In 1954 Grahame married her third husband Cy Howard, then best known for the radio, tv and movie versions of My Friend Irma. The union was over by 1957. Then, in 1958, a momentous development in her private life which affected her professional one. She began a serious relationship with her former stepson, Anthony “Tony” Ray. The pair were married in 1960; it was not publicized until 1962, although certainly people in the film industry knew and disapproved, for her last movie role for quite some time was in Odds Against Tomorrow (1959). The relationship naturally raised eyebrows and set tongues wagging. Nicholas Ray alleged that it had begun when Tony was a teenager, and was a factor in the pair’s divorce, although Grahame denied it. It was a major scandal. (Oddly, I don’t remember anyone bringing it up during the Woody Allen and Soon-Yi mishigas three decades later). In 1964, Grahame was treated for depression with electro schock therapy. While she worked frequently on television, her only movie of the ’60s was the Chuck Connor western Ride Beyond Vengeance (1966).
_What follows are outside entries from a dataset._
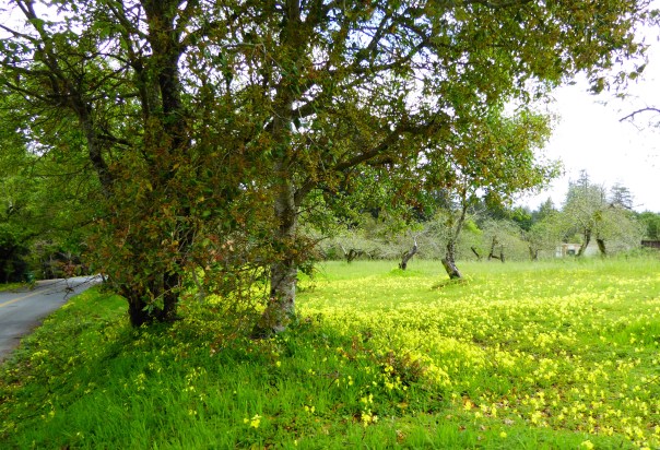 We met at her house, where across the road I found sourgrass – Oxalis pes-caprae – in abundance. I didn’t know until I looked up the botanical name just now that it is considered a noxious weed around here. Its bright color drenched with rain made it reflect all the midday light.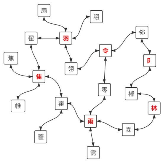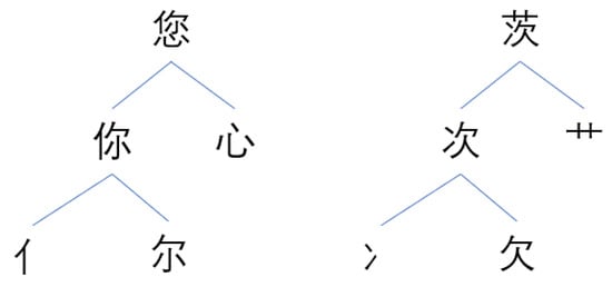 The structure information of characters are labeled by the Kanji Database Project (http://kanji-database.sourceforge.net/, accessed on 12 September 2021). The shape information of Chinese characters is represented by unicode standard—Ideographic Description Sequence (IDS). For example, character “您” is represented as “U+60A8 您你心”, while character “你” is represented as “U+4F60 你亻尔”. As illustrated in Figure 3, we build the glyph graph according to IDS labels of Chinese characters by connecting characters and their sub-components. Table 2 shows some statistics of the glyph graph.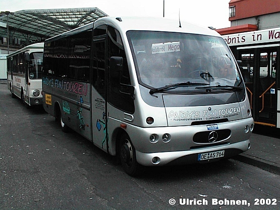 Bei diesem Fahrzeug handelt es sich um einen Sitcar Sloughi aus italienischer Produktion. Das Fahrwerk und der Motor stammen von Mercedes-Benz. Besitzer dieses Busses, der am Kölner Hbf. aufgenommen werden konnte, ist "Andy's Fun Touren" aus Finnentrop im Sauerland.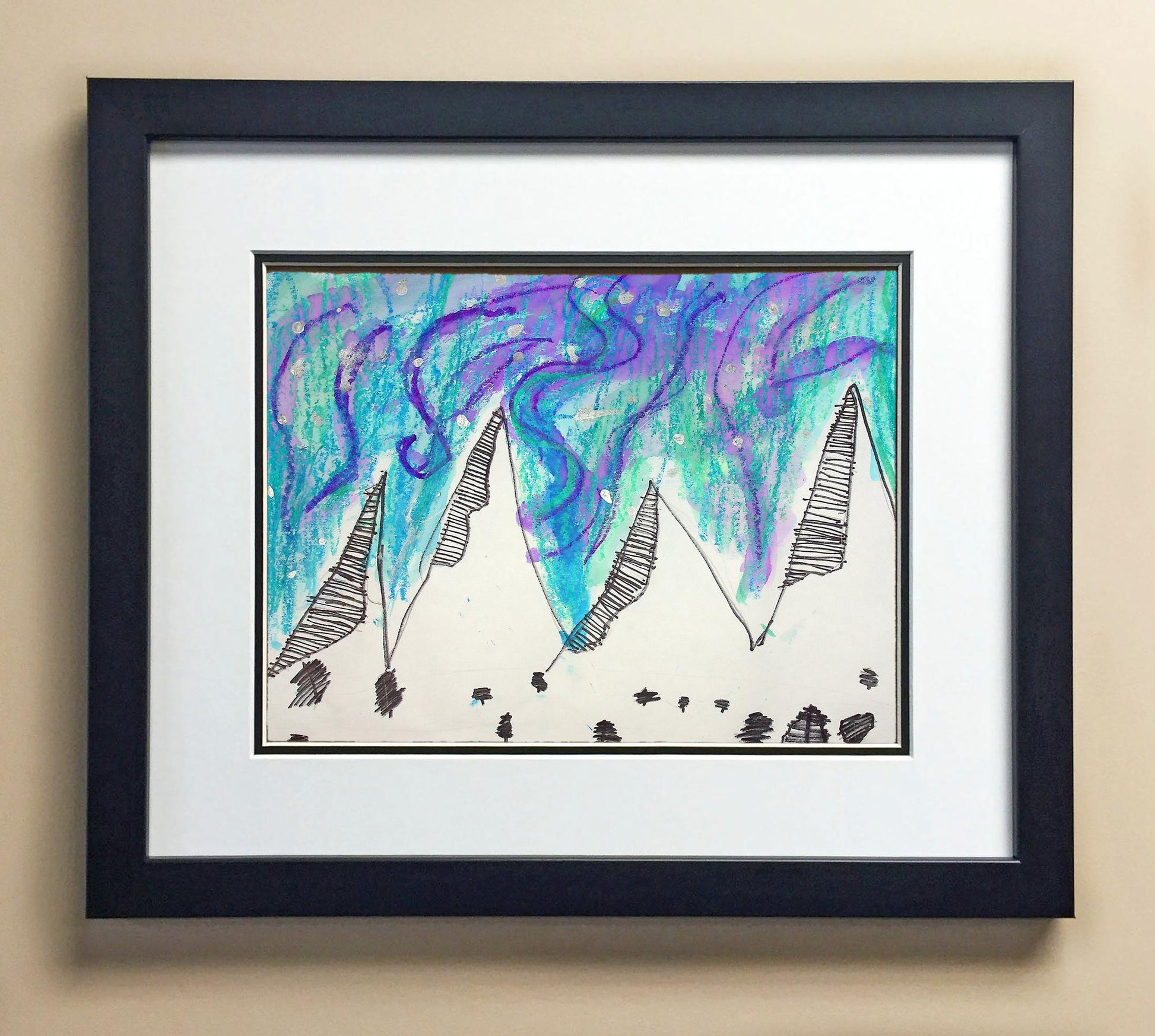 Included with the purchase is the Students Artwork, Frame, double matboard, shatter proof plexiglass, and a ready to hang backerboard with turnbuttons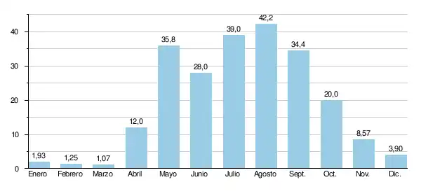 El caudal medio mensual observado en marzo (mínimo de estiaje) es de 1.07 m³/s, apenas un 2.5 % del caudal medio del ems de agosto (42.2 m³/s), lo que subraya la ampitud muy elevada de las variaciones estacionales. En los 45 años del periodo de observación, el caudal mensual mínimo ha sido 0.00 m³/s, es decir que el río no llevaba agua en marzo de 1997, mientras que el caudal máximo se elevó a 155 m³/s en agosto de 1990.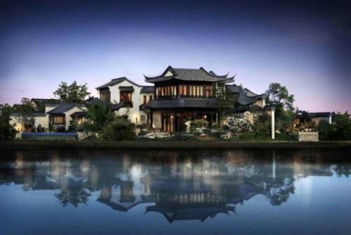 쑤저우의 두슈 호수 남쪽 해안에 위치하고 있는 72,400평방 피트의 섬에 32개의 욕실과 침실, 와인 저장고, 호화로운 정원 및 장식용 연못이 있는 것으로 알려졌으며 전통 중국식 건축물입니다.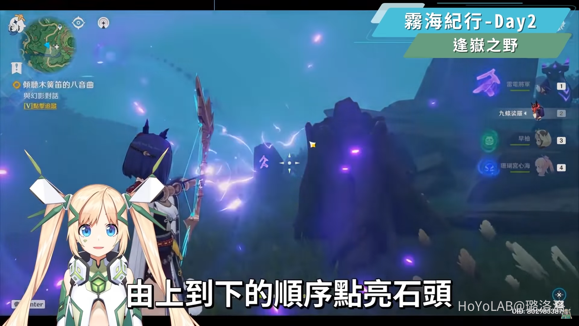 來到逢嶽之野,使用羽毛後會看到阿瑠的幻影,接著我們又要去附近找東西,因此可以先在地圖標個點,以免等等霧太大迷路回不來,路上若是有看到雷石可以用雷元素與其感應,當作回家的光明燈,與雷鳥感應完後會需要找三個石頭,我們只要跟隨三個仙靈找到石頭即可。最後擺放完三個石根文字後,再按照仙靈歸位顯示的符號由上到下的順序點亮石頭。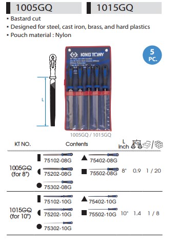 King Tony Набiр напилкiв 5 одиниць 200 мм (1005GQ)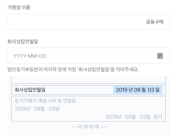 화면 예시처럼 법인 등기부등본의 마지막 장에 적힌 회사성립연월일을 작성해 주세요

Thankfully, the last decade of Grahame’s career was pretty wonderful (depending on your taste). There was a lot of schlock, horror and exploitation, but it adds up to a veritable oeuvre. It includes Blood and Lace (1971), Escape (1971), The Todd Killings (1971), Black Noon (1971), Chandler (1971), The Loners (1972), The Magician (1973), The Girl on the Late Late Show (1974) and Mama’s Dirty Girls (1974, as the title character). In 1974 she was diagnosed with breast cancer. Two months later, Ray divorced her. Luckily, she changed her lifestyle, and managed to bring the cancer down to remission. In 1976 she appeared in Mansion of the Doomed, and parts in the tv mini-series Rich Man Poor Man (1976) and Seventh Avenue (1977), then parts in Joan Micklin Silvers Chilly Scenes of Winter (1979) and Jonathan Demme’s Melvin and Howard (1980), among other things. Her last screen credit was an episode of Tales of the Unexpected.
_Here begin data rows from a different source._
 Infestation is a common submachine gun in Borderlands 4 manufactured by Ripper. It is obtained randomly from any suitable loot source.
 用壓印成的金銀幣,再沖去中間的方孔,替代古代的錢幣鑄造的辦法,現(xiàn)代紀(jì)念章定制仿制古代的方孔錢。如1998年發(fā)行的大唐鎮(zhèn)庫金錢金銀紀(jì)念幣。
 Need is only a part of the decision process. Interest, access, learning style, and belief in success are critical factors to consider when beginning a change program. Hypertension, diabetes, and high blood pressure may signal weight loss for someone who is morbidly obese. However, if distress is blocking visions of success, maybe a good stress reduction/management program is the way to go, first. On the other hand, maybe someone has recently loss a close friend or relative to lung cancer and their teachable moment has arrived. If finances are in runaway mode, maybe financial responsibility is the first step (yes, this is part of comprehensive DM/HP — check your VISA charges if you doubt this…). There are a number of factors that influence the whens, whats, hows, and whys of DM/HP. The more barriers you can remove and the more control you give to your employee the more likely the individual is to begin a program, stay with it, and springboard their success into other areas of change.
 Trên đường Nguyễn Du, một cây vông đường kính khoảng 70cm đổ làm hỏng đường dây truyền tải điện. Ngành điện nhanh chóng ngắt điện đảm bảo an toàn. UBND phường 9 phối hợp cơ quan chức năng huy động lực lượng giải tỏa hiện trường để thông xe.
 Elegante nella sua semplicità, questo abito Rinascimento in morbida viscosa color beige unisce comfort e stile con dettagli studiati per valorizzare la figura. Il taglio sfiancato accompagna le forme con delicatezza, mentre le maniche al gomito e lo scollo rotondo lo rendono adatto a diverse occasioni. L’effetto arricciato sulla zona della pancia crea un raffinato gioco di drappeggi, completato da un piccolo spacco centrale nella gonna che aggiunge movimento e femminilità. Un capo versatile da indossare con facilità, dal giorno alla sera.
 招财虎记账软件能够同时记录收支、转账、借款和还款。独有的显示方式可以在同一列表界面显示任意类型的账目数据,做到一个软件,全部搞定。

Grahame’s last relationship was with an actor named Peter Turner, who wrote a memoir about their December-May romance with the dreadul title Film Stars Don’t Die in Liverpool, later made into a 2017 film starring Annette Bening (EXCELLENT casting!) Sadly, Grahame’s cancer recurred with a vengeance in 1981, taking her from us at the young age of 57. It would have been nice to have had another two or three decades of that one.